Representative Sample vs. Random Sample: An Overview

Economists and researchers seek to reduce sampling bias to near negligible levels when employing statistical analysis. Three basic characteristics in a sample reduce the chances of sampling bias and allow economists to make more confident inferences about a general population from the results obtained from the sample analysis or study:

  • Such samples must be representative of the chosen population studied.
  • They must be randomly chosen, meaning that each member of the larger population has an equal chance of being chosen.
  • They must be large enough so as not to skew the results. The optimal size of the sample group depends on the precise degree of confidence required for making an inference.

Representative sampling and random sampling are two techniques used to help ensure data is free of bias. These sampling techniques are not mutually exclusive and, in fact, they are often used in tandem to reduce the degree of sampling error in an analysis and allow for greater confidence in making statistical inferences from the sample in regard to the larger group.

Representative Sample

A representative sample is a group or set chosen from a larger statistical population or group of factors or instances that adequately replicates the larger group according to whatever characteristic or quality is under study.

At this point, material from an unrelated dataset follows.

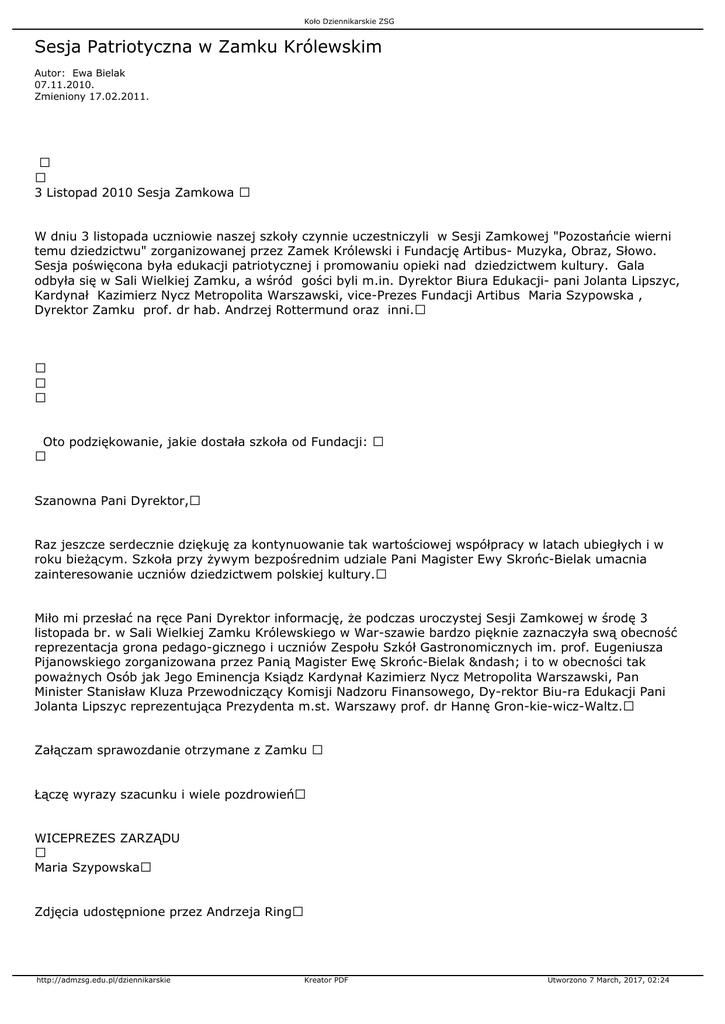 Koło Dziennikarskie ZSG Sesja Patriotyczna w Zamku Królewskim Autor: Ewa Bielak 07.11.2010. Zmieniony 17.02.2011. 3 Listopad 2010 Sesja Zamkowa W dniu 3 listopada uczniowie naszej szkoły czynnie uczestniczyli w Sesji Zamkowej "Pozostańcie wierni temu dziedzictwu" zorganizowanej przez Zamek Królewski i Fundację Artibus- Muzyka, Obraz, Słowo. Sesja poświęcona była edukacji patriotycznej i promowaniu opieki nad dziedzictwem kultury. Gala odbyła się w Sali Wielkiej Zamku, a wśród gości byli m.in. Dyrektor Biura Edukacji- pani Jolanta Lipszyc, Kardynał Kazimierz Nycz Metropolita Warszawski, vice-Prezes Fundacji Artibus Maria Szypowska , Dyrektor Zamku prof. dr hab. Andrzej Rottermund oraz inni. Oto podziękowanie, jakie dostała szkoła od Fundacji: Szanowna Pani Dyrektor, Raz jeszcze serdecznie dziękuję za kontynuowanie tak wartościowej współpracy w latach ubiegłych i w roku bieżącym. Szkoła przy żywym bezpośrednim udziale Pani Magister Ewy Skrońc-Bielak umacnia zainteresowanie uczniów dziedzictwem polskiej kultury. Miło mi przesłać na ręce Pani Dyrektor informację, że podczas uroczystej Sesji Zamkowej w środę 3 listopada br. w Sali Wielkiej Zamku Królewskiego w War-szawie bardzo pięknie zaznaczyła swą obecność reprezentacja grona pedago-gicznego i uczniów Zespołu Szkół Gastronomicznych im. prof. Eugeniusza Pijanowskiego zorganizowana przez Panią Magister Ewę Skrońc-Bielak – i to w obecności tak poważnych Osób jak Jego Eminencja Ksiądz Kardynał Kazimierz Nycz Metropolita Warszawski, Pan Minister Stanisław Kluza Przewodniczący Komisji Nadzoru Finansowego, Dy-rektor Biu-ra Edukacji Pani Jolanta Lipszyc reprezentująca Prezydenta m.st. Warszawy prof. dr Hannę Gron-kie-wicz-Waltz. Załączam sprawozdanie otrzymane z Zamku Łączę wyrazy szacunku i wiele pozdrowień WICEPREZES ZARZĄDU Maria Szypowska Zdjęcia udostępnione przez Andrzeja Ring http://admzsg.edu.pl/dziennikarskie Kreator PDF Utworzono 7 March, 2017, 02:24

A representative sample parallels key variables and characteristics of the large society under examination. Some examples include sex, age, education level, socioeconomic status (SES), or marital status. A larger sample size reduced sampling error and increases the likelihood that the sample accurately reflects the target population. 

Random Sample

A random sample is a group or set chosen from a larger population or group of factors of instances in a random manner that allows for each member of the larger group to have an equal chance of being chosen. A random sample is meant to be an unbiased representation of the larger population. It is considered a fair way to select a sample from a larger population since every member of the population has an equal chance of getting selected.

Special Considerations:

People collecting samples need to ensure that bias is minimized. Representative sampling is one of the key methods of achieving this because such samples replicate as closely as possible elements of the larger population under study. This alone, however, is not enough to make the sampling bias negligible. Combining the random sampling technique with the representative sampling method reduces bias further because no specific member of the representative population has a greater chance of selection into the sample than any other.

[Important: Effective random sampling can be accomplished through a variety of techniques that lead to more precise results and allows for greater confidence in making statistical inferences in regard to the chosen population.]

One of the most effective of these techniques is known as stratification, breaking the larger population into subgroups or strata of a fairly homogeneous nature and choosing an equal number of group members from each stratum. In other common methods such as systematic sampling, members are chosen to begin from a random starting point and proceeding at fixed periodic intervals.

Key Takeaways

  • A representative sample is a group or set chosen from a larger statistical population according to specified characteristics.
  • A random sample is a group or set chosen in a random manner from a larger population.
  • The two can be used together to help reduce sample bias.